== Work instruction ==
Only the lines in the entries below from the line with "Universal platform comfort 70 x 44 x 70 cm" to the line with "members' gallery: pg 5", both included, belong in the answer, transcribed exactly and without pictures.

== Data for analysis ==
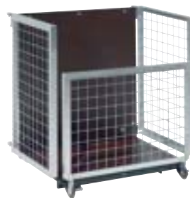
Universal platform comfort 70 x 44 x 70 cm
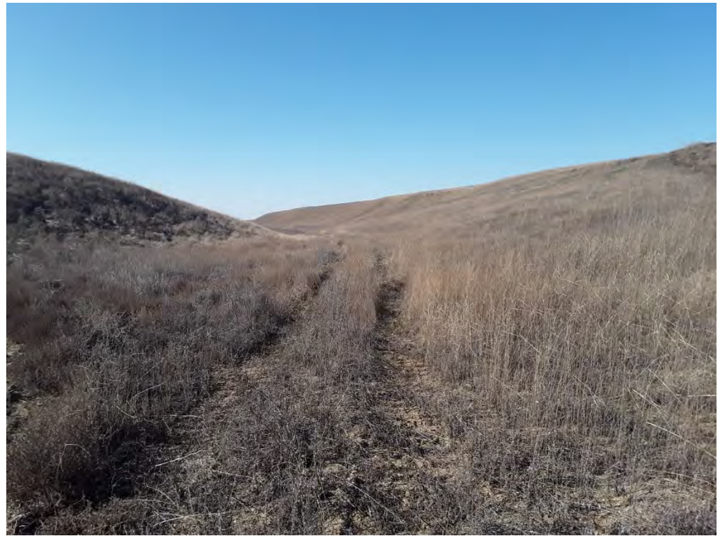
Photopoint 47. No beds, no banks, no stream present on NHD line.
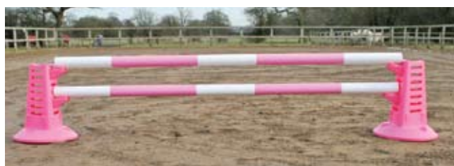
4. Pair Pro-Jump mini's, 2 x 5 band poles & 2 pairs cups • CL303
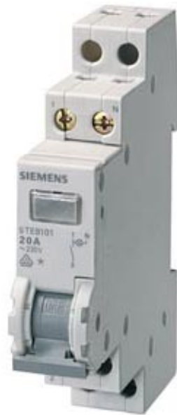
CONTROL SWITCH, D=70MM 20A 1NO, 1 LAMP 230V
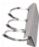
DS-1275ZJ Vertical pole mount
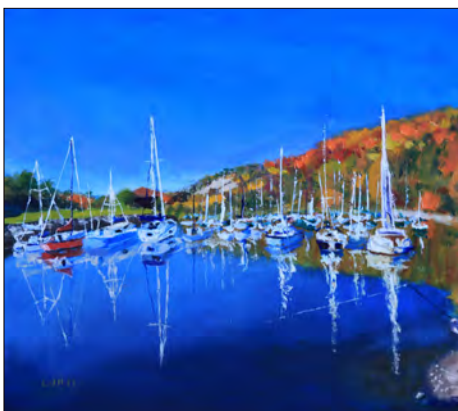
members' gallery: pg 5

---

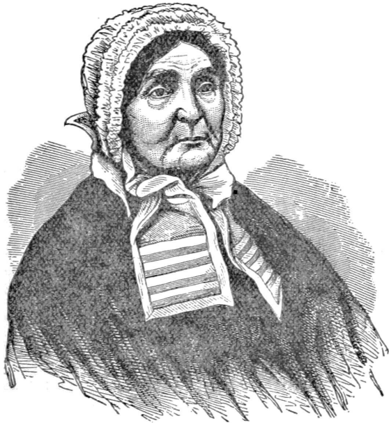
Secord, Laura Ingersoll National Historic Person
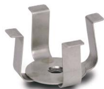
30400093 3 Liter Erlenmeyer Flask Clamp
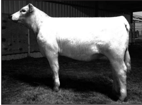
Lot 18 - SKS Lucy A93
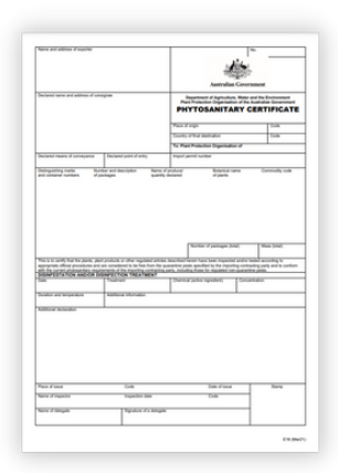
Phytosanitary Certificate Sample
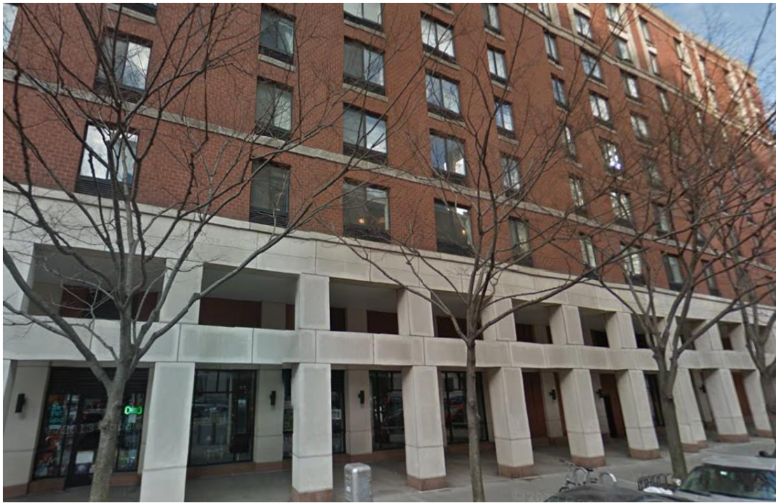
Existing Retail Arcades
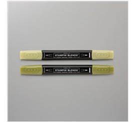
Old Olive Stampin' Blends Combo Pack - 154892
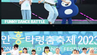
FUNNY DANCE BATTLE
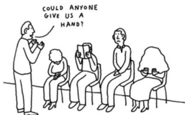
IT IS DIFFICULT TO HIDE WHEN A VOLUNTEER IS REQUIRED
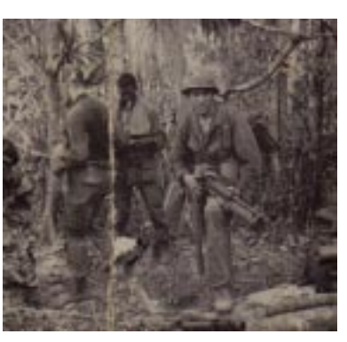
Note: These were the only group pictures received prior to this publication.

...

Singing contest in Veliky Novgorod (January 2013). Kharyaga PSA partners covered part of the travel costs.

== Output below ==
Universal platform comfort 70 x 44 x 70 cm
Photopoint 47. No beds, no banks, no stream present on NHD line.
4. Pair Pro-Jump mini's, 2 x 5 band poles & 2 pairs cups • CL303
CONTROL SWITCH, D=70MM 20A 1NO, 1 LAMP 230V
DS-1275ZJ Vertical pole mount
members' gallery: pg 5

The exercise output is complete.